I like to hope that when my child needs me, now or when he’s grown, that I will be there. Odds are, however, that I will be anxious, overwrought and generally imperfect about it.

When I pick up the baby from daycare, I stop at the first red light every day and reach back to grab his hand. I smile with every bit of drive and passion it took Prefontaine to run those three miles. The finish line, the big win, is for my child to know one thing: that he is loved. I say “I love you” and he, not knowing what it means, says, “luff yeeew” back from his car seat. What I can’t always give him in stability; I will give him in love. I will love him so fast and so hard I will never fail to break a sweat loving him.

For most of the first two years of his life, I struggled with the worry that I would be his crazy mom who did unpredictable and hurtful things. That worry was making me – you guessed it – crazy.

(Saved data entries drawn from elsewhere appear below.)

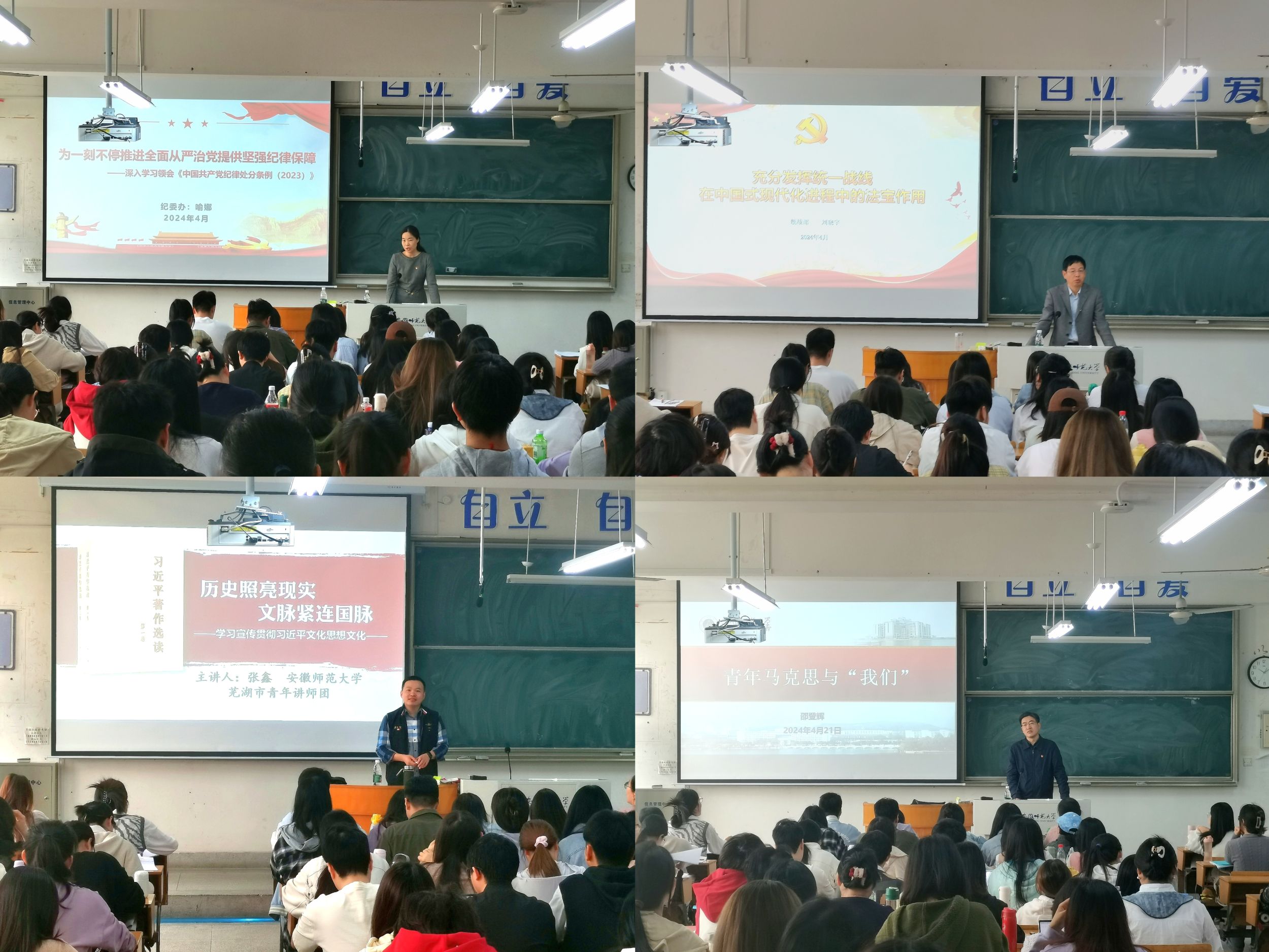 4月20日下午,院党委副书记杜凤、分党校班主任赵茜以及全体培训班同学参与开班典礼。随后,专家老师结合主题为学员们带来精彩丰富的理论授课。校纪委办公室纪检监察室主任喻娜带领大家深入学习领会《中国共产党纪律处分条例》,告诫学员们绷紧纪律之弦,做合格共产党员;校统战部常务副部长刘晓宇给大家解读了统一战线在中国式现代化进程中的法宝作用;马克思主义学院副教授张鑫以“历史照亮现实,文脉紧联国脉”为主题,带领大家学习宣传贯彻习近平文化思想;学生工作处处长邵登辉带领大家走近青年马克思,勉励大学生珍惜时光、勤奋求学。这些理论课程不仅帮助学员们增强对党的理论知识的学习和理解,同时也提高了同学们的党员意识、进一步锤炼党性修养。
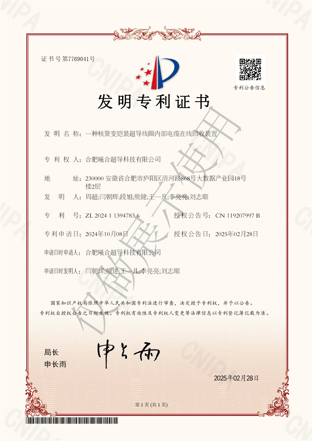 目前,曦合超导累计拥有专利30余件,软件著作权3件;并取得高新技术企业和安徽省专精特新中小企业资质,获得各类资质证书和奖项20余项。曦合超导已为全球60+用户(高校、科研院所、公司、央国企等)提供超导磁体产品,并实现多台海外销售,其中18T全超导磁体产品获得2023年安徽省首台(套)重大技术装备。
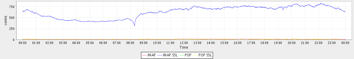 avg(IMAP) = 7.89 avg(IMAP SSL) = 629.81 avg(POP) = 0.69 avg(POP SSL) = 8.84
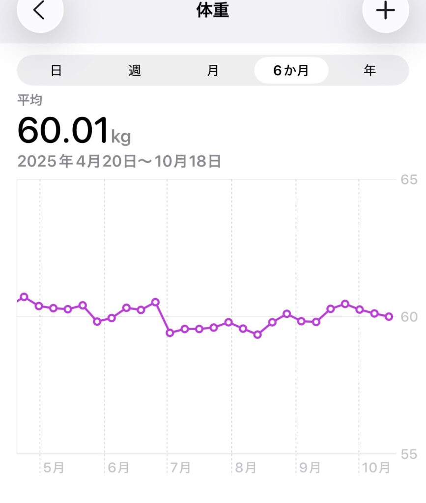 一応体重は毎日測って、スマホアプリに記録を残していますが、ほぼ横ばいの状況です。
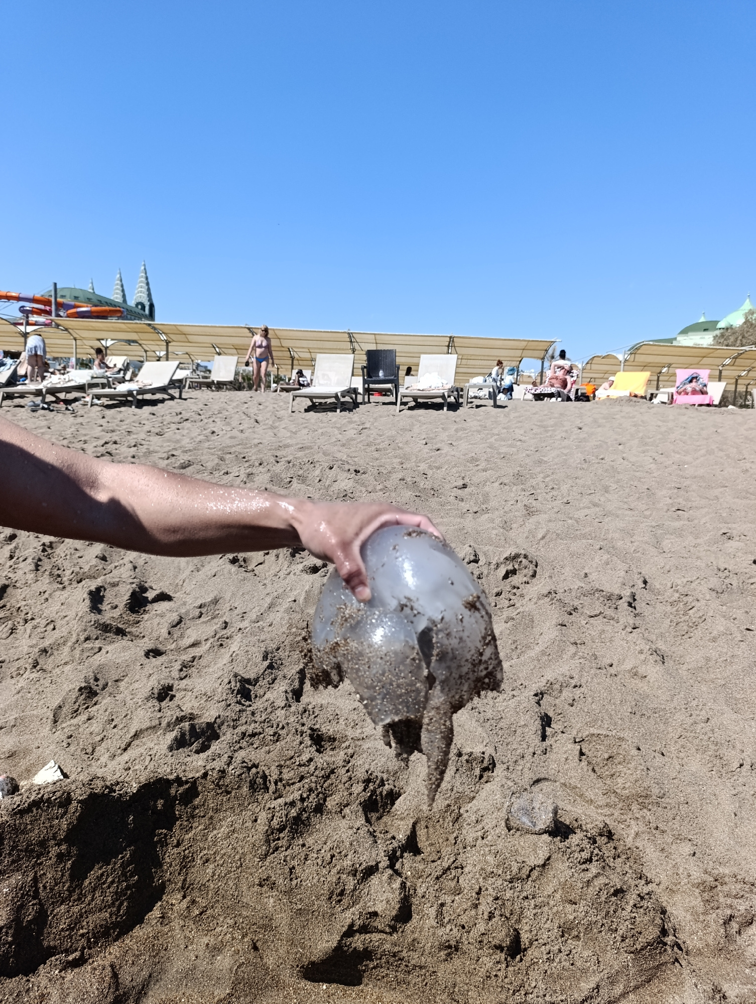 The image captures a sunny day at a beach in Aksu, Turkey. In the foreground, a person's arm holds a clear, gelatinous jellyfish covered with sand. The beach is composed of dark sand, with an uneven s…read more

Now I don’t worry, because just as the sun will rise and Elmo will ride his trike, I will have my moments. I will second-guess myself coming off the blocks, I will obsess about my stride, my technique, my overuse of running analogies, but I’m going to express my deep love for his little soul every day.

When I resent my mom, and I do that more than I extend tortured running metaphors, it isn’t because she is odd, it’s because her oddness means I have no idea whether or not I’ve been a joy or a burden. I doubt I ever will.

I’d like to say I don’t blame her, but that would be a lie. I blame her, and at the same time, I’m grateful for all the ways she helped out since I had my son, even if she predictably flew over the cuckoo’s nest and took her router with her.